[TASK DIRECTIONS]: In this exercise, print only the lines of the records below from the one with "lijkt in structuur" through the one with "Mit ReefWave können", inclusive. Pictures are not part of the copy.

[SUPPLIED DATA]:
________________________________________
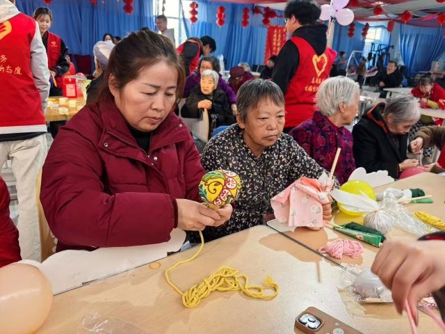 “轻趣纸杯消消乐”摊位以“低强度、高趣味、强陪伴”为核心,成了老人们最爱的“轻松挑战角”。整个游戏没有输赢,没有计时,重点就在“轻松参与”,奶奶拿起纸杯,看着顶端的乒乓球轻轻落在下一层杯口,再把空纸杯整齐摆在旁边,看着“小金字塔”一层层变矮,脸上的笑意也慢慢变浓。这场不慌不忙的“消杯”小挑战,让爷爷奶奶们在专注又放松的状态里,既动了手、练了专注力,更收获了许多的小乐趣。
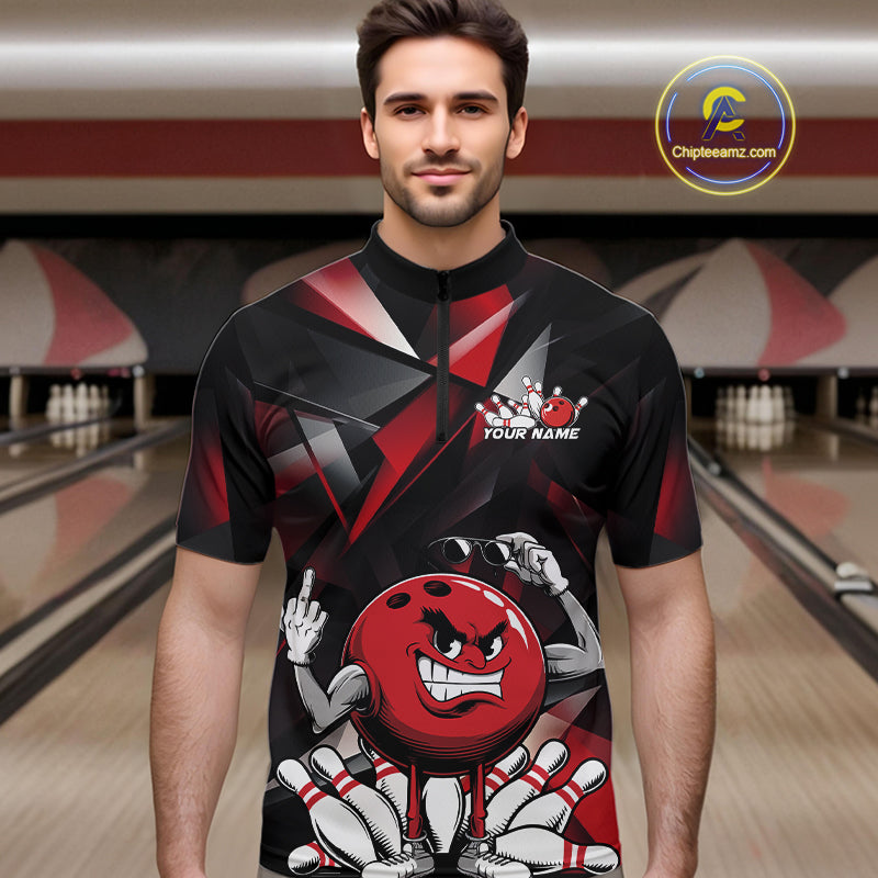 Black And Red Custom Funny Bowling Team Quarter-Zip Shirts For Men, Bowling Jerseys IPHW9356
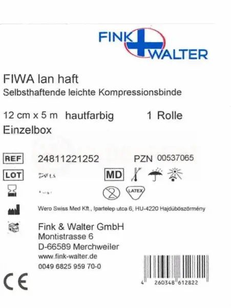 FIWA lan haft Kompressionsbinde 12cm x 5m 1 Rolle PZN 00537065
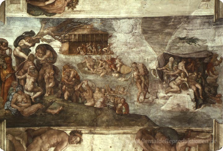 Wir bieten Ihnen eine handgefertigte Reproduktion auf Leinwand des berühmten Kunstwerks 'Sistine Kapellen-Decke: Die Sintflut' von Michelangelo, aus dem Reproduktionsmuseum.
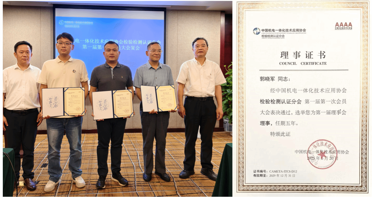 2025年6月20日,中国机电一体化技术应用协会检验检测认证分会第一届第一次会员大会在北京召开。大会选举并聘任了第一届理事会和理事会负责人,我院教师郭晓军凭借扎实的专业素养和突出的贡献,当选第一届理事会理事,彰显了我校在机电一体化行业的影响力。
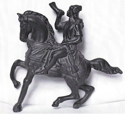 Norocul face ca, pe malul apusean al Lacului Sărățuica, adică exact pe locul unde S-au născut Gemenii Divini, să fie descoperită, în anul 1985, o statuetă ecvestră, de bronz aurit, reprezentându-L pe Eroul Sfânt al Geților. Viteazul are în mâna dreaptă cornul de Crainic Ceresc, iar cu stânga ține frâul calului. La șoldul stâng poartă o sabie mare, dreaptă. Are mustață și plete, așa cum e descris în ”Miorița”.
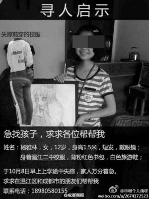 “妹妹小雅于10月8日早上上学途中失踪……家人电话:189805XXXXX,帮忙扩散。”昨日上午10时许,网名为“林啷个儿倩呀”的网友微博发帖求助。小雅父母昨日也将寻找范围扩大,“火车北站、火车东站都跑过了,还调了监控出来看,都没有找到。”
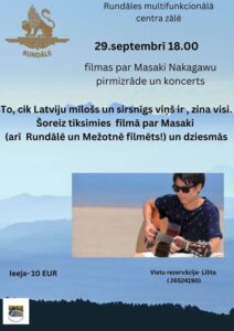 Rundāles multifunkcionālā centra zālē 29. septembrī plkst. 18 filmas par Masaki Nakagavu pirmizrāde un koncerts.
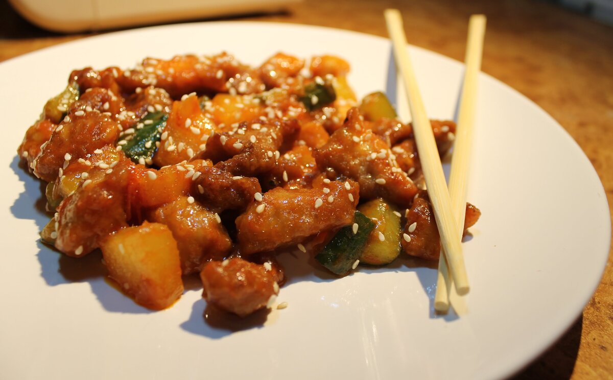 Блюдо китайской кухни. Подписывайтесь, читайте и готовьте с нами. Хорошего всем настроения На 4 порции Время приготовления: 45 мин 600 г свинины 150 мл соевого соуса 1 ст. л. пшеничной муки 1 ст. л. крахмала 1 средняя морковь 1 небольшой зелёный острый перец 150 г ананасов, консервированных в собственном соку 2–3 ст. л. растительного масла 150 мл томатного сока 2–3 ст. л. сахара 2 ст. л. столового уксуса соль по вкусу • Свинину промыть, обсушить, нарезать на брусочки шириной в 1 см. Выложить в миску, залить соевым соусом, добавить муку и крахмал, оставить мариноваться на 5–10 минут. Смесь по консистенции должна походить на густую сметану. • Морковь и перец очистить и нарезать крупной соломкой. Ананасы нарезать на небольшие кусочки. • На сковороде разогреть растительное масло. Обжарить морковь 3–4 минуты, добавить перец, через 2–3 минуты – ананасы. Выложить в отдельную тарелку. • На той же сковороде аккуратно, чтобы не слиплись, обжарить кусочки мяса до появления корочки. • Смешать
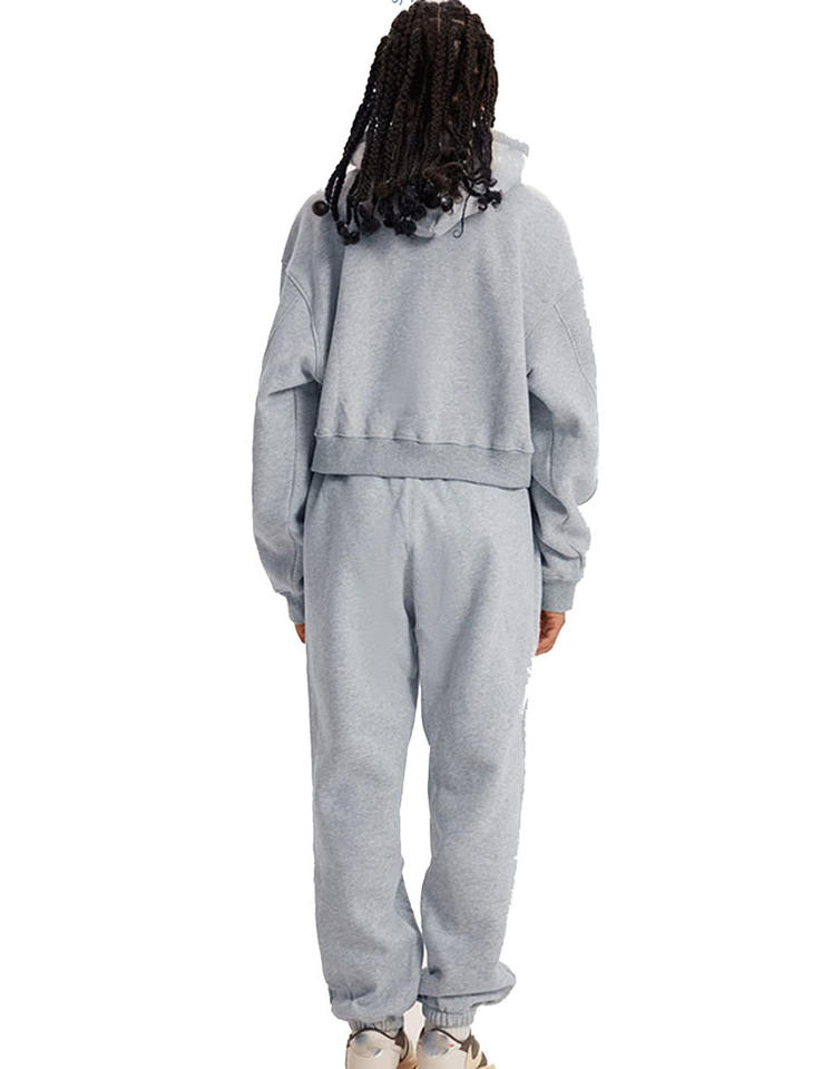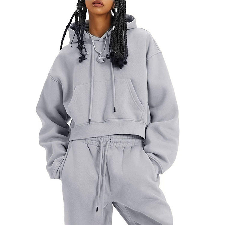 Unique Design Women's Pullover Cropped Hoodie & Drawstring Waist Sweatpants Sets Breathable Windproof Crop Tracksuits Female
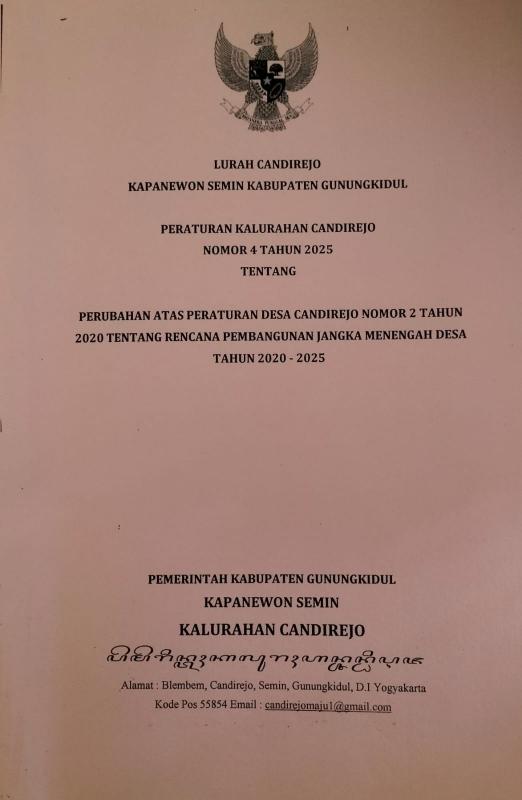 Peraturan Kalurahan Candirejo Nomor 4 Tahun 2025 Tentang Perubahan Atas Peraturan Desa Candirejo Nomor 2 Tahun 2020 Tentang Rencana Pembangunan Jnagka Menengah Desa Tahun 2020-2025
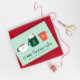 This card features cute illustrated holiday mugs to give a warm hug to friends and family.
________________________________________
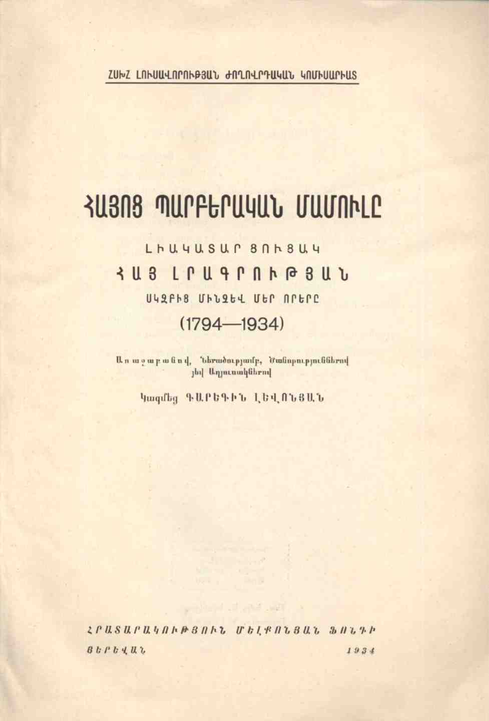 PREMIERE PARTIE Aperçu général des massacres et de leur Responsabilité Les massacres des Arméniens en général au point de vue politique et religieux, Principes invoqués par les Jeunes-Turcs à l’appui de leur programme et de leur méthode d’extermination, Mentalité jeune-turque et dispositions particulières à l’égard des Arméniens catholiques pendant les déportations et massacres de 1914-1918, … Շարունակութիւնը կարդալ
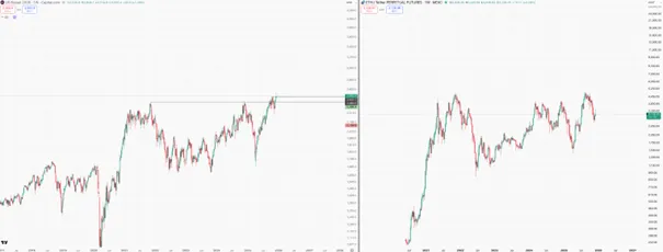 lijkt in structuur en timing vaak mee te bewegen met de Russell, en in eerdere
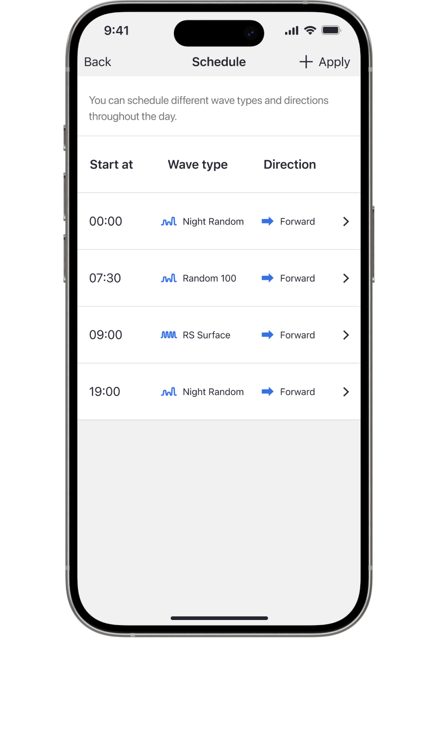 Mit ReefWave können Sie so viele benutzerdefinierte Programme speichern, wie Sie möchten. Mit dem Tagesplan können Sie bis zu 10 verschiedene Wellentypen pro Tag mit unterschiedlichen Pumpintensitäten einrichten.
________________________________________
[EXPECTED ANSWER]:
 lijkt in structuur en timing vaak mee te bewegen met de Russell, en in eerdere
 Mit ReefWave können Sie so viele benutzerdefinierte Programme speichern, wie Sie möchten. Mit dem Tagesplan können Sie bis zu 10 verschiedene Wellentypen pro Tag mit unterschiedlichen Pumpintensitäten einrichten.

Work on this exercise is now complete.